Data for processing:
• • •

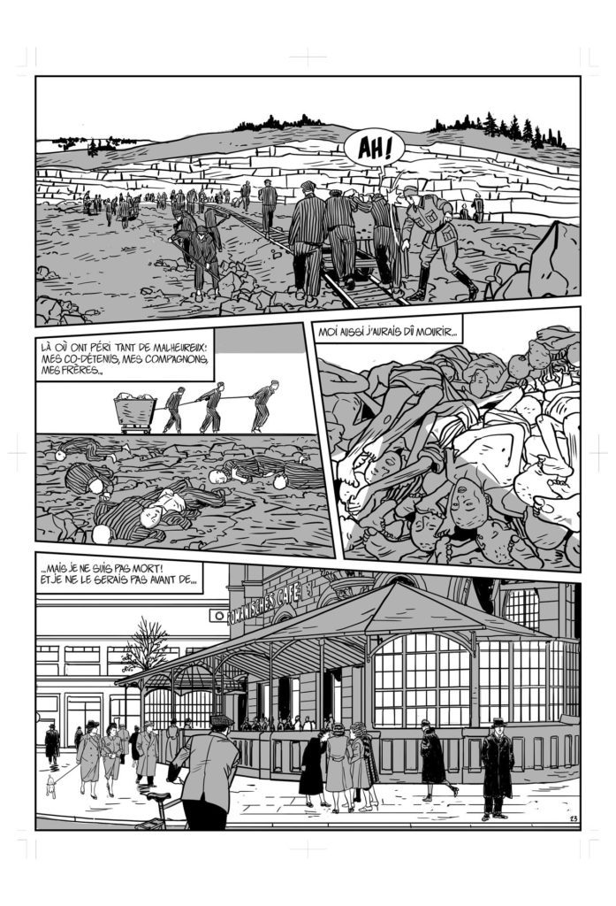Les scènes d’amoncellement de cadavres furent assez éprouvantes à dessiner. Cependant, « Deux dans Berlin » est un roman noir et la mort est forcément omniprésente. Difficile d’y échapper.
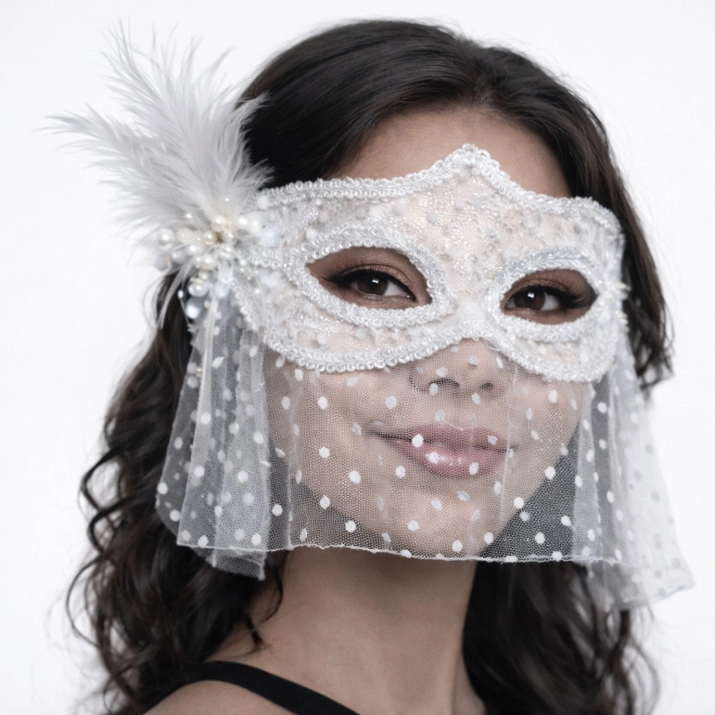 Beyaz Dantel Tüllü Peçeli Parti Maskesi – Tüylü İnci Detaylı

• • •

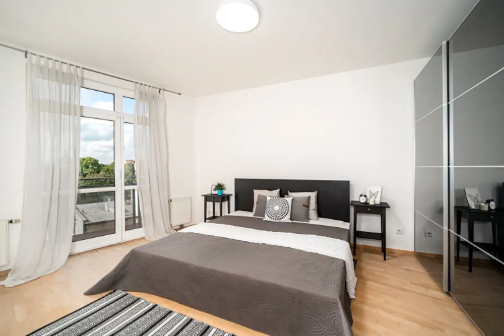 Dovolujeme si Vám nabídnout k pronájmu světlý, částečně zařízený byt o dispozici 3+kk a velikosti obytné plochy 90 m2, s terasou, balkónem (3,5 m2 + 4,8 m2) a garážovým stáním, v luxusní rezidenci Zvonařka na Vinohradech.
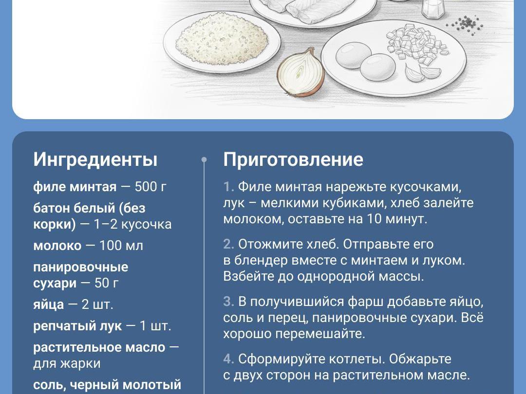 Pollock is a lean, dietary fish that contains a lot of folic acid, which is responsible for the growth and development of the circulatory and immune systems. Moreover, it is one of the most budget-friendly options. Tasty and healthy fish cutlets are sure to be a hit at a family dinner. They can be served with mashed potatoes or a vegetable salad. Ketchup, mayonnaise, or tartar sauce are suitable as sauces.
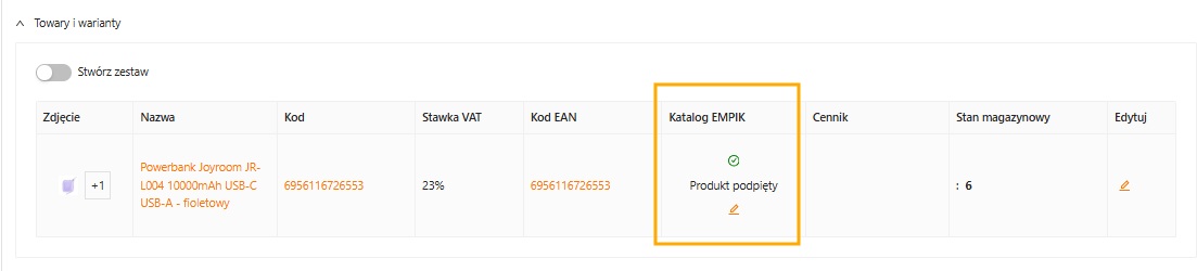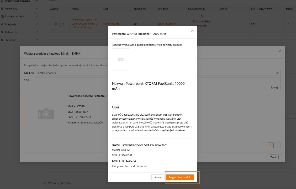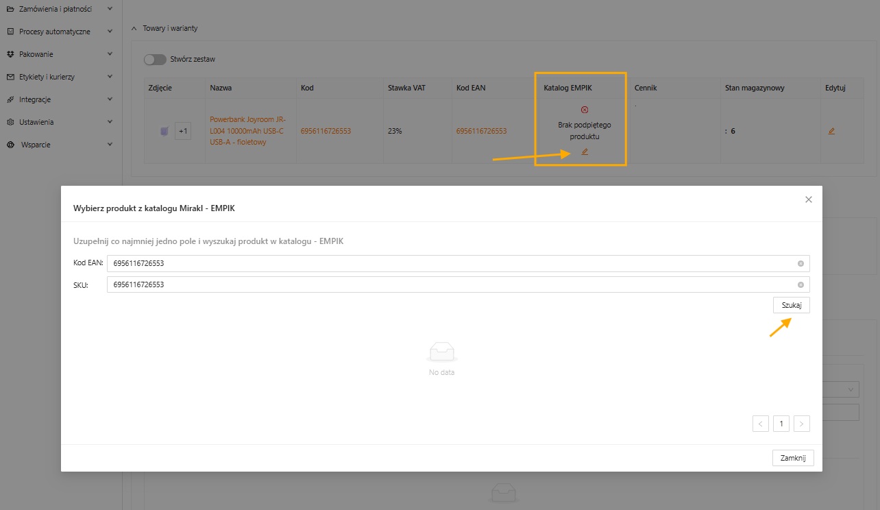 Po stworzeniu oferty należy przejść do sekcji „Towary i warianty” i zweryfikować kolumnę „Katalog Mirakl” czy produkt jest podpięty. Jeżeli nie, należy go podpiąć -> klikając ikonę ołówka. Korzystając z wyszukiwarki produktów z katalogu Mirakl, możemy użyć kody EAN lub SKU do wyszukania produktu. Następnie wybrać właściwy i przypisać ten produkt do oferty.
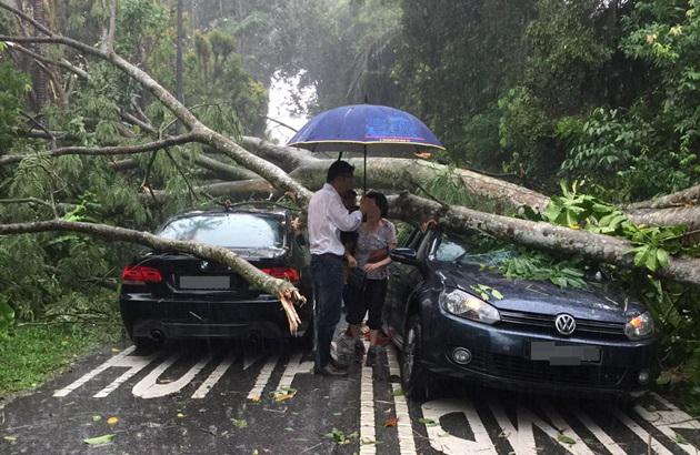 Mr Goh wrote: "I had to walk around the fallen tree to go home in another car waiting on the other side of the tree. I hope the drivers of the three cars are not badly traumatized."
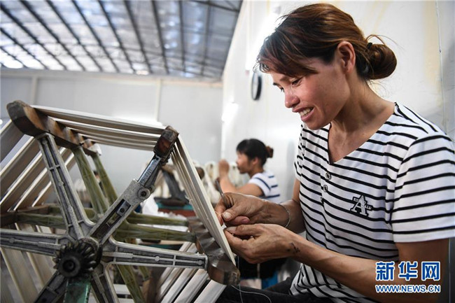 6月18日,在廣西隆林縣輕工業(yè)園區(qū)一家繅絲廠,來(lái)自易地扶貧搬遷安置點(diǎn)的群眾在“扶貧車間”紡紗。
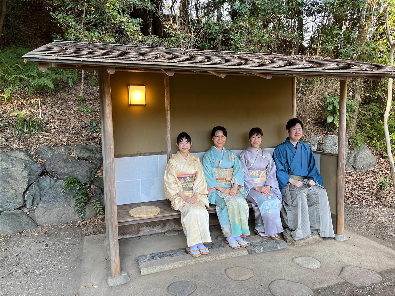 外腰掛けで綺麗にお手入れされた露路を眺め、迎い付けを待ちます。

• • •

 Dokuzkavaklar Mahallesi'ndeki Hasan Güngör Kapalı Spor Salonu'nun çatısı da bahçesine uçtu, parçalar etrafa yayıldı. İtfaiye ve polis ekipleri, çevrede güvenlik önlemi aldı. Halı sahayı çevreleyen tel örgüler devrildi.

• • •

Using the entries above, extract exactly the lines from the one that contains "Les scènes d’amoncellement" through the one that contains "Beyaz Dantel Tüllü". Do not carry over any pictures.

Les scènes d’amoncellement de cadavres furent assez éprouvantes à dessiner. Cependant, « Deux dans Berlin » est un roman noir et la mort est forcément omniprésente. Difficile d’y échapper.
 Beyaz Dantel Tüllü Peçeli Parti Maskesi – Tüylü İnci Detaylı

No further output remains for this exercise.